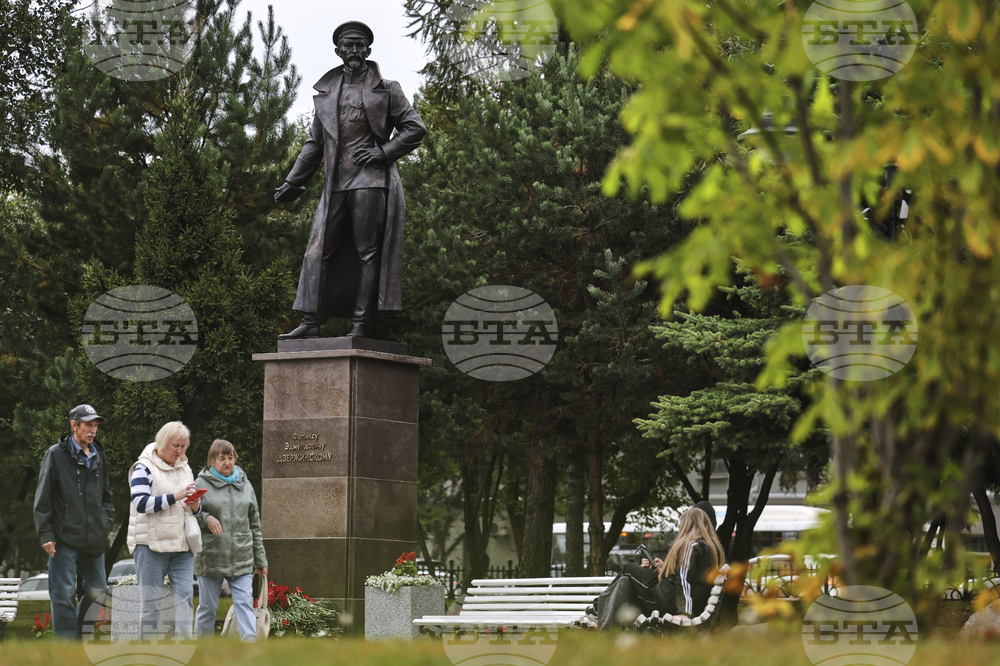 People walk past recently unveiled statue of the founder of the KGB, Felix Edmundovich Dzerzhinsky, in Omsk, Russia, Thursday, Sept. 11, 2025. (AP Photo)
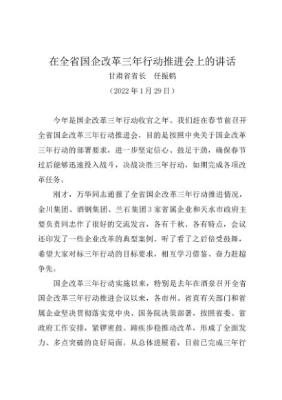 / 领导讲话:20220129(省国企改革推进会议)在全省国企改革三年行动推进会上的讲话——甘肃省省长 任振鹤
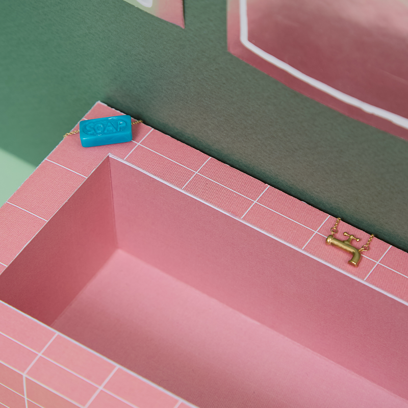 Hintergrund der originellen Schmuckkollektion ist die Ausstellung „Aliita Bath“, die das Mailänder Brand im Rahmen der Milano Design Week mit den Marken Dornbracht und Mutina realisiert. Das gemeinsame Ziel: eine Hommage an das Badezimmer als Ort der Ruhe und des Rückzugs.
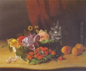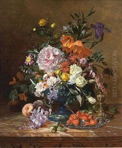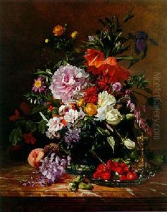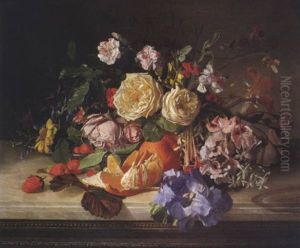 Still Life Of Flowers With Strawberries On A Marble Ledge
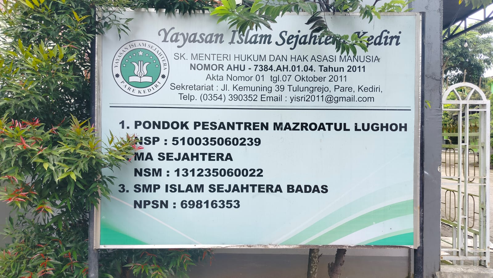 - No. Pendirian Yayasan : AHU-7384.AH.01.04.Tahun 2011
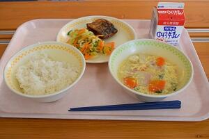 麦ごはん、さわらの竜田揚げ、甘酢あえ、かきたま汁、牛乳
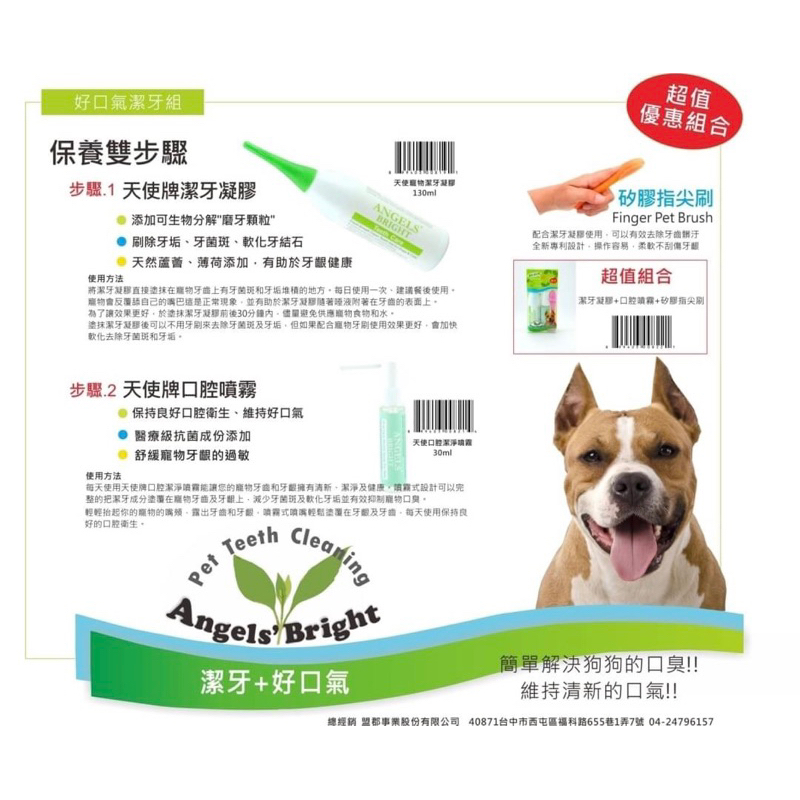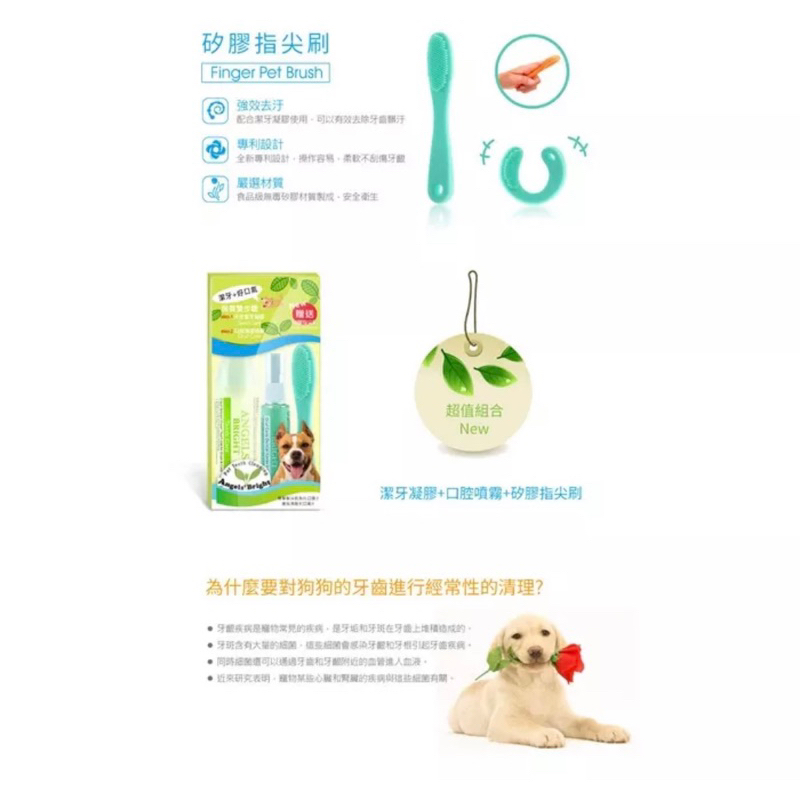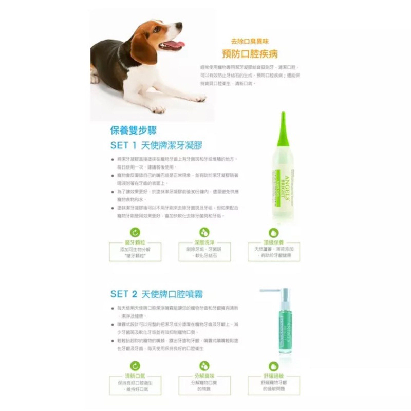 ▼ 塗抹潔牙凝膠後可以不用牙刷來去除牙菌斑及牙垢,但如果配合寵物牙刷使用效果更好。 2天使牌潔牙噴霧每天使用天使牌口腔潔淨噴霧能讓您的寵物牙齒和牙齦擁有清新、潔淨及健康。
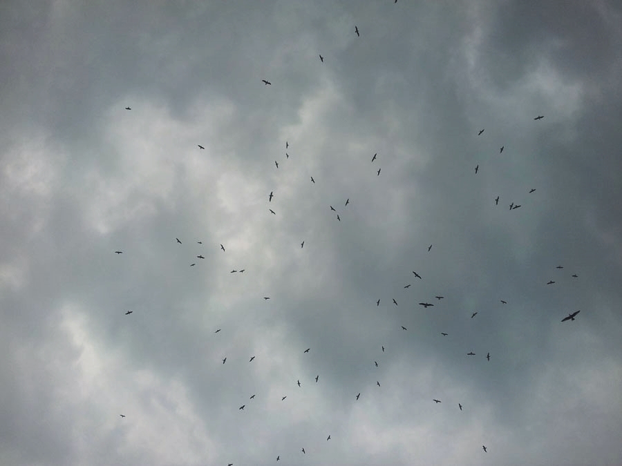 Отбросив первый до пошлости плоский вариант, имеем три неплохих способа (хотя их может быть до бесконечности много), при помощи которых можно попытаться описать то, что я чувствовал в один прекрасный ненастный день близ мыса Алчак-Кая, когда смотрел на кружащих в небе чаек. Все три способа по-своему хороши, а все вместе они особенно удачно справляются с поставленной целью (при условии, что читатель в курсе, почему у меня из горла вырывается крик “Хичкок”, и что за мужик смотрит на спираль из птичек на фото выше – точнее, почему он ее видит и что она для него значит).
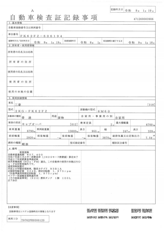 | 型式 | 2KG-FK62FZ |
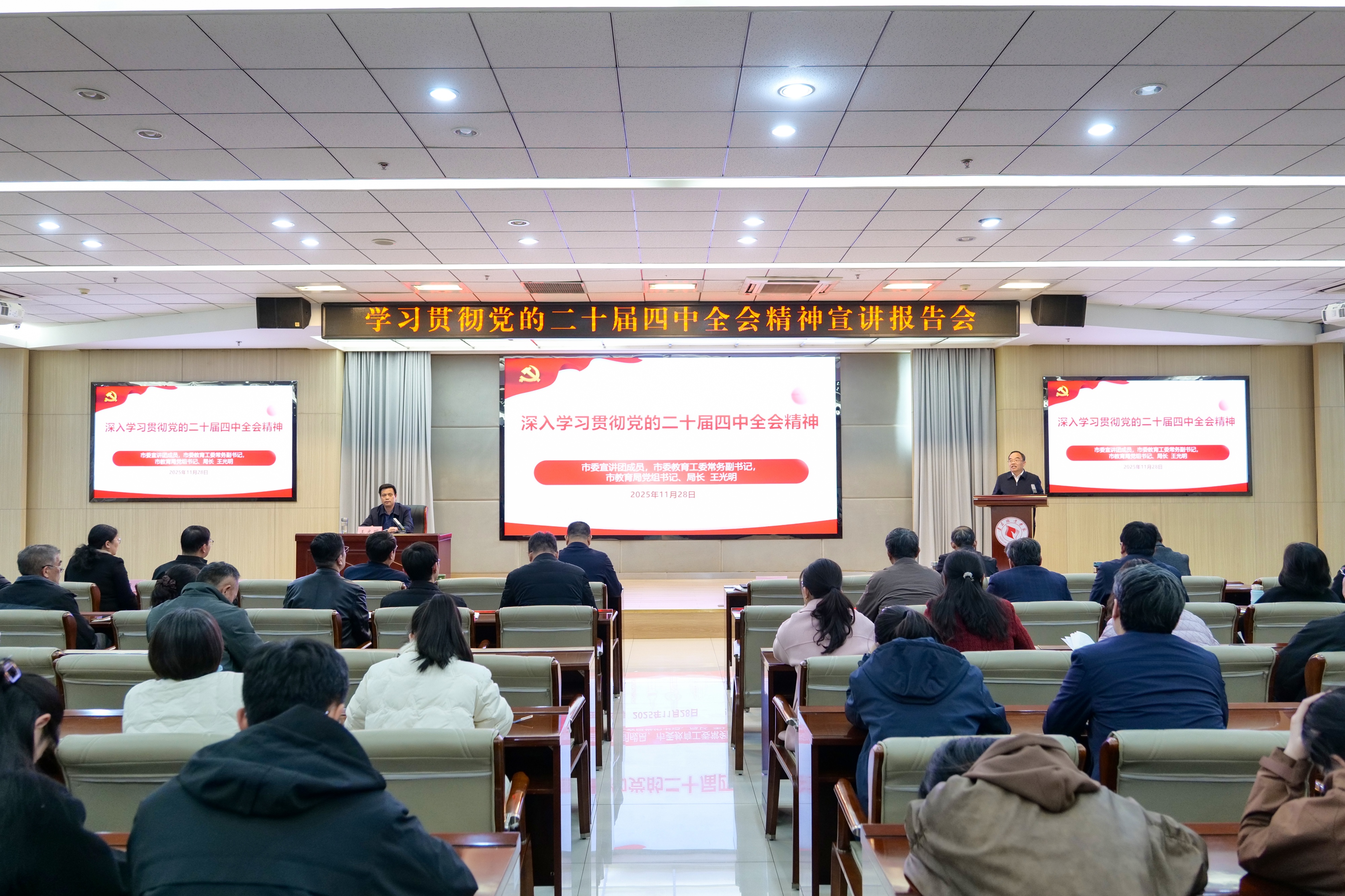 报告会上,王光明以《深入学习贯彻党的二十届四中全会精神》为题,从三个方面讲解了怎样准确把握“十五五”时期在基本实现社会主义现代化进程中的重要地位;从两个推动、一个确保,深刻领会“十五五”时期经济社会发展的指导方针和主要目标;从十二个方面全面理解“十五五”时期经济社会发展的战略任务和重大举措;从三个方面全面讲解了坚持和加强党的全面领导,凝聚起推进中国式现代化的磅礴力量;从学前教育、基础教育、职业教育擘画了深入贯彻落实党的二十届四中全会精神,扎实推进“十五五”时期教育强市建设。他对学院取得的成绩给予了充分肯定和鼓励。整场宣讲报告简洁明了、深入通透,讲得清、说得透、听得懂,也为下一步学院深入学习贯彻党的二十届四中全会精神、推进各项工作落实,奠定了坚实思想基础。

• • • •

__What you should do__: Everything in the entries except the pictures should be returned exactly as given.

__Your response__:
 People walk past recently unveiled statue of the founder of the KGB, Felix Edmundovich Dzerzhinsky, in Omsk, Russia, Thursday, Sept. 11, 2025. (AP Photo)
 / 领导讲话:20220129(省国企改革推进会议)在全省国企改革三年行动推进会上的讲话——甘肃省省长 任振鹤
 Hintergrund der originellen Schmuckkollektion ist die Ausstellung „Aliita Bath“, die das Mailänder Brand im Rahmen der Milano Design Week mit den Marken Dornbracht und Mutina realisiert. Das gemeinsame Ziel: eine Hommage an das Badezimmer als Ort der Ruhe und des Rückzugs.
 Still Life Of Flowers With Strawberries On A Marble Ledge
 - No. Pendirian Yayasan : AHU-7384.AH.01.04.Tahun 2011
 麦ごはん、さわらの竜田揚げ、甘酢あえ、かきたま汁、牛乳
 ▼ 塗抹潔牙凝膠後可以不用牙刷來去除牙菌斑及牙垢,但如果配合寵物牙刷使用效果更好。 2天使牌潔牙噴霧每天使用天使牌口腔潔淨噴霧能讓您的寵物牙齒和牙齦擁有清新、潔淨及健康。
 Отбросив первый до пошлости плоский вариант, имеем три неплохих способа (хотя их может быть до бесконечности много), при помощи которых можно попытаться описать то, что я чувствовал в один прекрасный ненастный день близ мыса Алчак-Кая, когда смотрел на кружащих в небе чаек. Все три способа по-своему хороши, а все вместе они особенно удачно справляются с поставленной целью (при условии, что читатель в курсе, почему у меня из горла вырывается крик “Хичкок”, и что за мужик смотрит на спираль из птичек на фото выше – точнее, почему он ее видит и что она для него значит).
 | 型式 | 2KG-FK62FZ |
 报告会上,王光明以《深入学习贯彻党的二十届四中全会精神》为题,从三个方面讲解了怎样准确把握“十五五”时期在基本实现社会主义现代化进程中的重要地位;从两个推动、一个确保,深刻领会“十五五”时期经济社会发展的指导方针和主要目标;从十二个方面全面理解“十五五”时期经济社会发展的战略任务和重大举措;从三个方面全面讲解了坚持和加强党的全面领导,凝聚起推进中国式现代化的磅礴力量;从学前教育、基础教育、职业教育擘画了深入贯彻落实党的二十届四中全会精神,扎实推进“十五五”时期教育强市建设。他对学院取得的成绩给予了充分肯定和鼓励。整场宣讲报告简洁明了、深入通透,讲得清、说得透、听得懂,也为下一步学院深入学习贯彻党的二十届四中全会精神、推进各项工作落实,奠定了坚实思想基础。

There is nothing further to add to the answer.